### Provided data ###
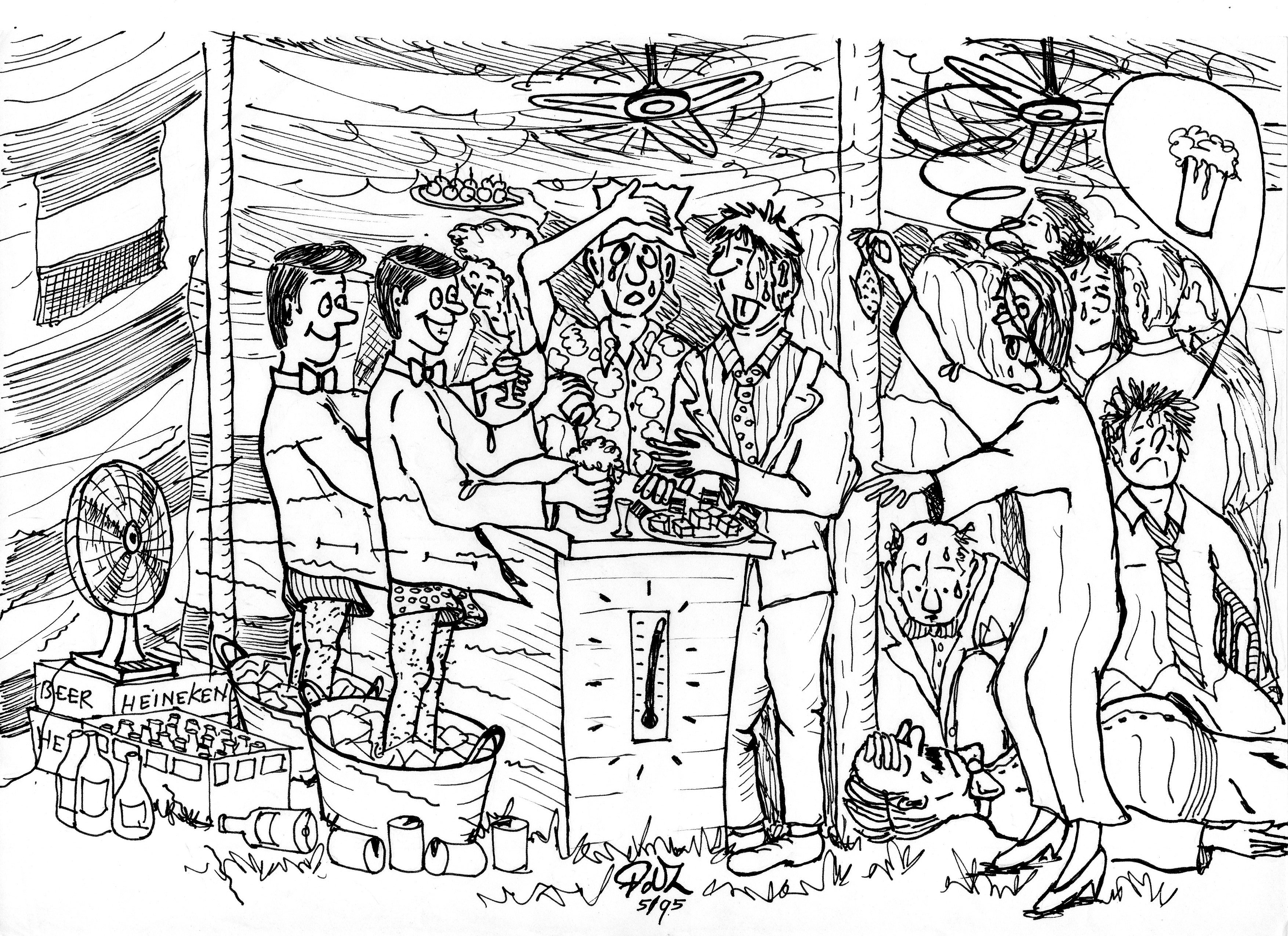 Koninginnedag/Queensday, 1995, Dutch Club, Dhaka, Bangladesh (drawing by Frank de Zanger)
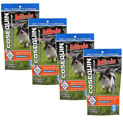 -. Binding : Misc. -. Brand : Cosequin -. EAN : 0723781704737 -. Feature : A petite bite for your pampered pet / Veterinarian recommended retail joint health supplement brand / Specially formulated and designed for dogs under 25 lbs. / Tasty formula Designed for smaller mouths / Cosequin brand joint health supplement is shown to be safe effective and bioavailable in peer-reviewed published controlled U.S. veterinary studies. -. Label : Cosequin -. Manufacturer : Cosequin -. PackageQuantity : 1 -. ProductGroup : Pet Products -. ProductTypeName : PET_SUPPLIES -. Publisher : Cosequin -. Studio : Cosequin -. Title : Cosequin Minis Maximum Strength with MSM Plus Omega-3's for Dogs 4-Pack -. UPC : 723781704737
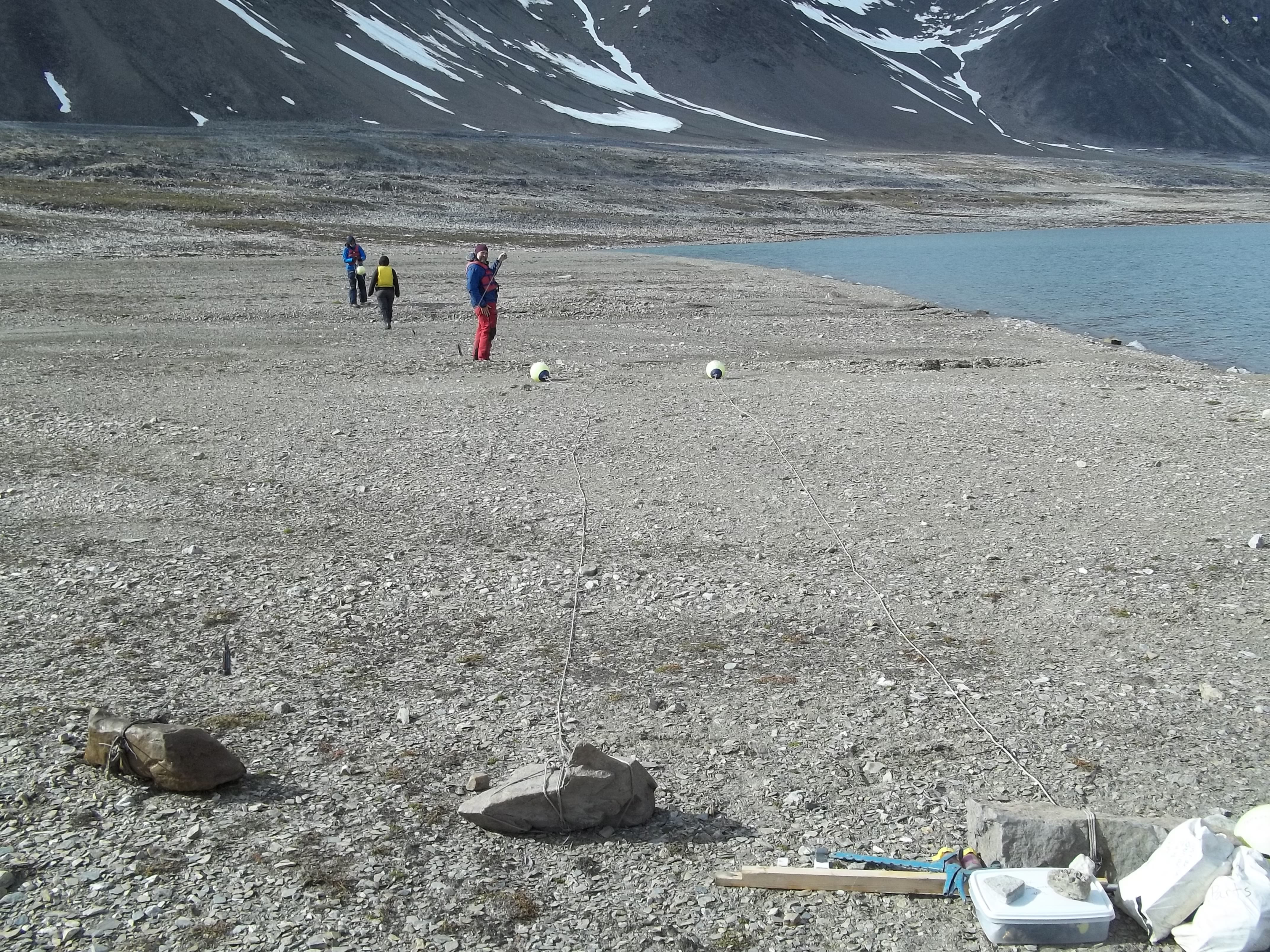 Moorings laid out on the south shore of Linnevatnet. Isfjord Radio at Kapp Linne, Svalbard.
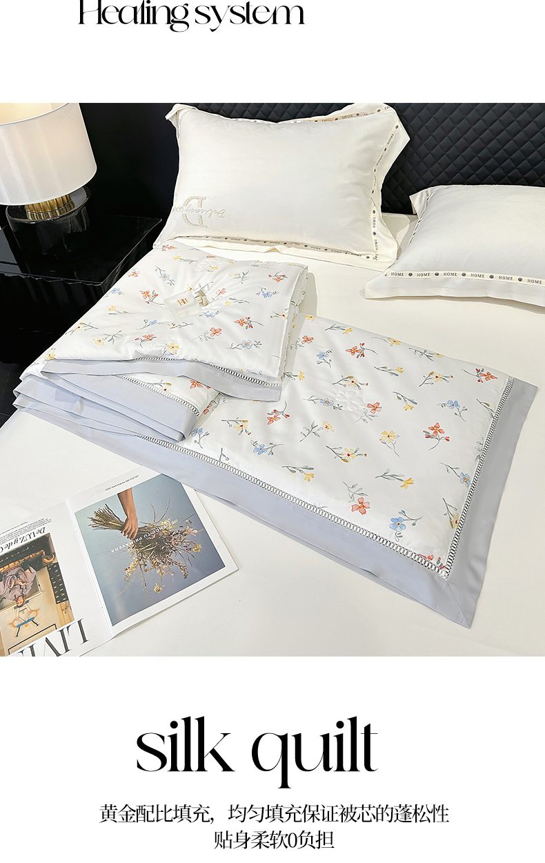 (总)薇玛仕 2026新款绣花80支兰精天丝可水洗蚕丝被100蚕丝填充夏凉被空调被,碧空蓝,春色绿,静谧紫,倩影粉,清雅灰,香槟咖
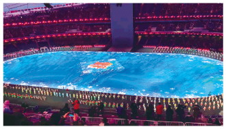 圖為在開幕式預(yù)熱環(huán)節(jié),一個(gè)“?!弊滞渡涞綀?chǎng)地中央。法治日?qǐng)?bào)全媒體見習(xí)記者 劉欣 攝
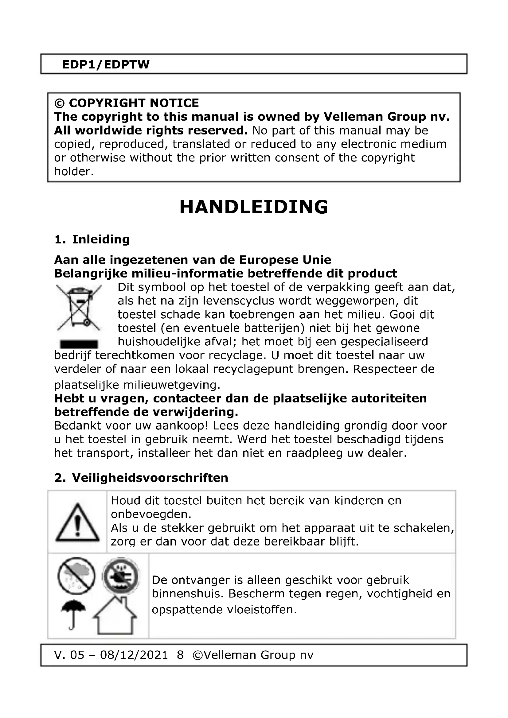 draadloos ................................................................ ja werkbereik ............................ 150 m (zonder obstakels) zelflerend................................................................ ja drukknop ........................................... met led-indicator melodieën .............................................................. 32 IP-norm (zender) ................................................. IP44 voeding zender ............................... 1 x CR2032 (meegelev.) Gebruik dit toestel enkel met originele accessoires. Velleman Group nv is niet aansprakelijk voor schade of kwetsuren bij (verkeerd) gebruik van dit toestel. Voor meer informatie over dit product en de laatste versie van deze handleiding, zie www.perel.eu. De informatie in deze handleiding kan te allen tijde worden gewijzigd zonder voorafgaande kennisgeving. RED Verklaring van overeenstemming Hierbij verklaar ik, Velleman Group nv, dat het type radioapparatuur [EDP1] + [EDPTW] conform is met Richtlijn 2014/53/EU. De volledige tekst van de EU-conformiteitsverklaring kan worden geraadpleegd op het volgende internetadres: www.velleman.eu.EDP1/EDPTW
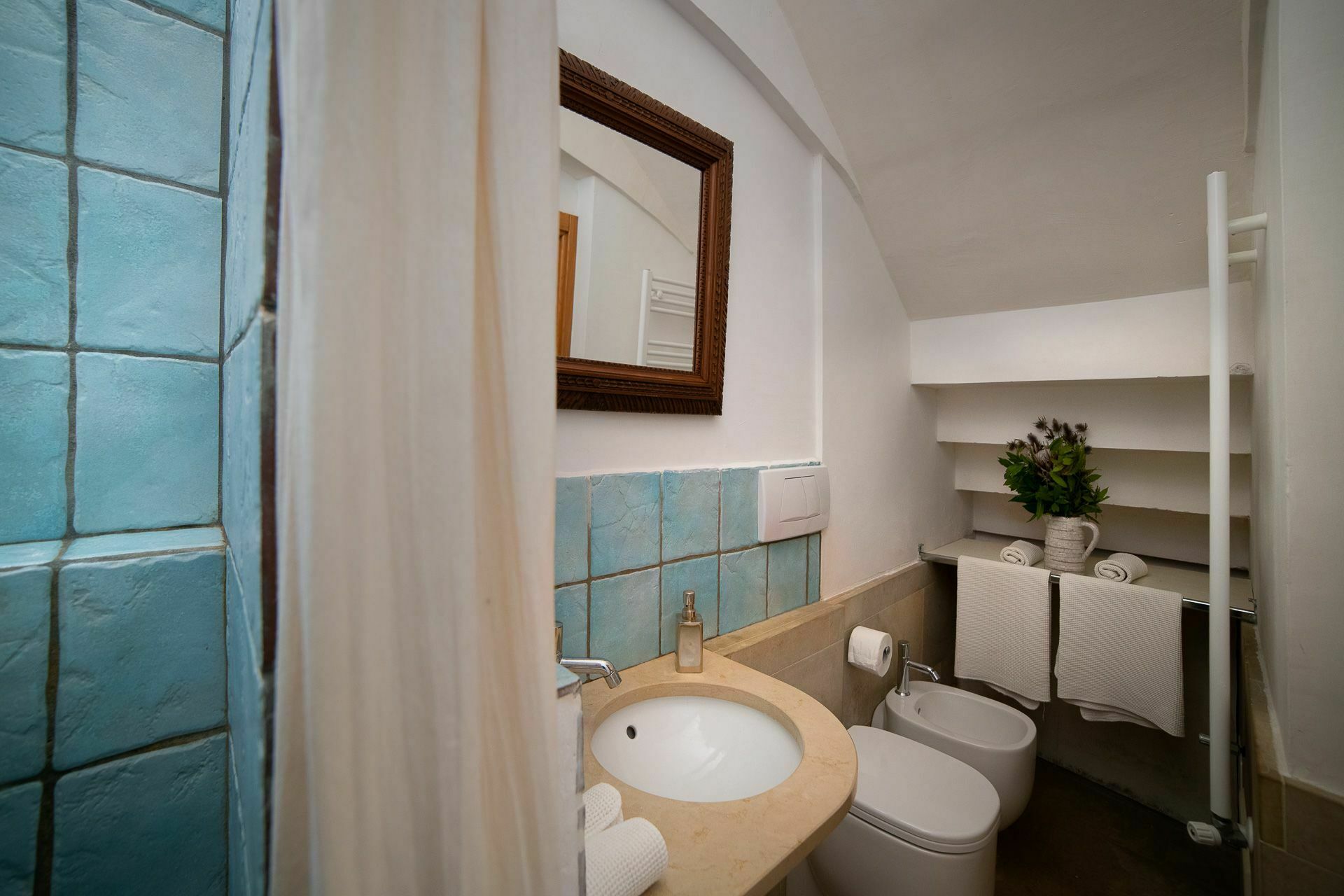 SUITE 2: Wohnzimmer, Küche, Doppelzimmer mit Ehebett, Bad mit Badewanne. Zugang zur Panoramaterrasse.
###
### Work instructions
Extract only the lines from the line containing "volgende internetadres: www.velleman.eu.EDP1/EDPTW" through the final line of the records; keep both ends and drop every picture.

### Answer to this task
 draadloos ................................................................ ja werkbereik ............................ 150 m (zonder obstakels) zelflerend................................................................ ja drukknop ........................................... met led-indicator melodieën .............................................................. 32 IP-norm (zender) ................................................. IP44 voeding zender ............................... 1 x CR2032 (meegelev.) Gebruik dit toestel enkel met originele accessoires. Velleman Group nv is niet aansprakelijk voor schade of kwetsuren bij (verkeerd) gebruik van dit toestel. Voor meer informatie over dit product en de laatste versie van deze handleiding, zie www.perel.eu. De informatie in deze handleiding kan te allen tijde worden gewijzigd zonder voorafgaande kennisgeving. RED Verklaring van overeenstemming Hierbij verklaar ik, Velleman Group nv, dat het type radioapparatuur [EDP1] + [EDPTW] conform is met Richtlijn 2014/53/EU. De volledige tekst van de EU-conformiteitsverklaring kan worden geraadpleegd op het volgende internetadres: www.velleman.eu.EDP1/EDPTW
 SUITE 2: Wohnzimmer, Küche, Doppelzimmer mit Ehebett, Bad mit Badewanne. Zugang zur Panoramaterrasse.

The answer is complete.